El Camino Levante - Day 4 Almorox to San Martín Valdeiglesias

The walk out of Almorox was extraordinarily steep!  We headed down among houses and alotments until we reached the bottom of the valley.  As usual, Michael accompanied me with the other dogs to give them their morning walk and Kaishi (first today) would continue on with me.  Cressa was full of delight and so enjoying this new experience of traveling, exploring and walking and every day new and different smells.  She has such delight that her hind end tries to run faster than her front end and she has the biggest most delighted smile on her face!  The photo here really captures this I think!

Cressa's joyful smile!
When we reached the bottom, Michael, Ndzilo, Cressa and Akina headed back up - with him complaining that it would be a "steep climb"... I of course reminded him that today was the first day of our steep foothills and that I had two days of mountains to follow!  Fair dos as they say!  Little did I know however that the day would be up, up and more up and then hot and more up and down and that the foothills would prove far more challenging with far steeper and more difficult sections than anything the mountains would offer.  

The going was good on tracks for the first part of the day and we made surprisingly good time although much slower than usual.  We took lots of breaks to look at the view and admire the colours and in one area we passed through there had been quite a fire - part of which had passed through the campo houses spread across the hillside.  The way was so pretty and it's always easier to walk when the surroundings are lovely and the day is cool and with partial cloud at this time of the morning it was perfect for the steep climb which seemed never ending.  We would level out for a short while and then head upwards again.

Kaishi on the pretty track that leads out of Almorox
and among the charred trees after the fire in the area
So far my new walking shoes (exactly the same as the last ones but a more funky colour - a kind of heliotrope) were going well and I had not had any blisters.  I had walked in them daily for the two weeks before leaving for the Camino and without any problems, so I was hopeful that I would avoid the blister problem so many pilgrims have.  My other shoes had done almost a 1000km without ever causing me a problem and I had brought them with me "just in case".  I thought I could use them to give my feet a break if necessary, but I wanted to wear the new ones through the mountains as they had more grip underneath and cushioned my souls more.

Kaishi giving me her "cute" out
of the corner of her eye look
during a "photographic rest stop"
Well, that's my story!
Kruger Park type scenery
The old ones were wearing a little thin and so every small stone could be felt through the bottoms.  However, what I hadn't counted on was that during my long soak in the wonderful bath of the night before, turning into a prune from the length of time spent enjoying the sensation, the skin would be so soft that as I did my stretches, I caught one of my toes on the tap and tore the skin off the top of it.  Ouch!  I had put on a plaster but over the morning I began to realise that it was rubbing inside my shoe.  Fine on the flat, but when walking down steep slopes, the toes push into the front of the shoe.  As it rubbed more, it started to give me some grief on the uphill sections and flat too - so of course, one starts to compensate and not really walk with the same flow.  This in turn puts pressure on other parts of the feet and soon I realised that two other blisters were developing on my heels, mostly where the high backs of the shoes dug into me in particular on steep downhill sections.

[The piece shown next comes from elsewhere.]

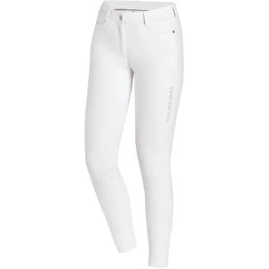 Ademend, flexibel en toch stabiel van vorm: de damesrijbroek Livia KG van Schockemöhle Sports overtuigt door maximale functionaliteit. De stretchstof is vochtafvoerend en biedt UV-bescherming. Ook handig: de ronde vakjes met een extra klein muntzakje. De kniegreep zorgt voor een goede ondersteuning in het zadel. Een strass-logo op het linkerbeen en nepzakken versierd met een glitterband aan de achterkant laten sportieve ruiters stralen!
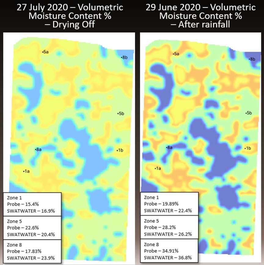 For growers, one of the questions which is repeatedly asked is “where should I place my soil moisture probe?" The SWAT MAPS process provides a platform off which probe installations can be guided to ensure the data obtained from soil moisture probes is relevant to the soil and moisture variability of the field. By guiding this process, the SWAT WATER maps are effectively “ground truthed” and soil moisture probes are more effectively used to understand not just a single location, but the relevance of that location to the rest of the field and all zones within a field.

Another Kruger moment during our break at the top
of the steep climb out of Almarox
As we came finally to the top of the long climb we found ourselves among the most amazing rock formations that reminded me so much of views in the Kruger National Park.  I felt right at home, as though I was back in South Africa and elephants or giraffes would wander across the scene at any moment.  For those of you who know RSA or friends who are still living there - you will see what I mean when you see the photos.  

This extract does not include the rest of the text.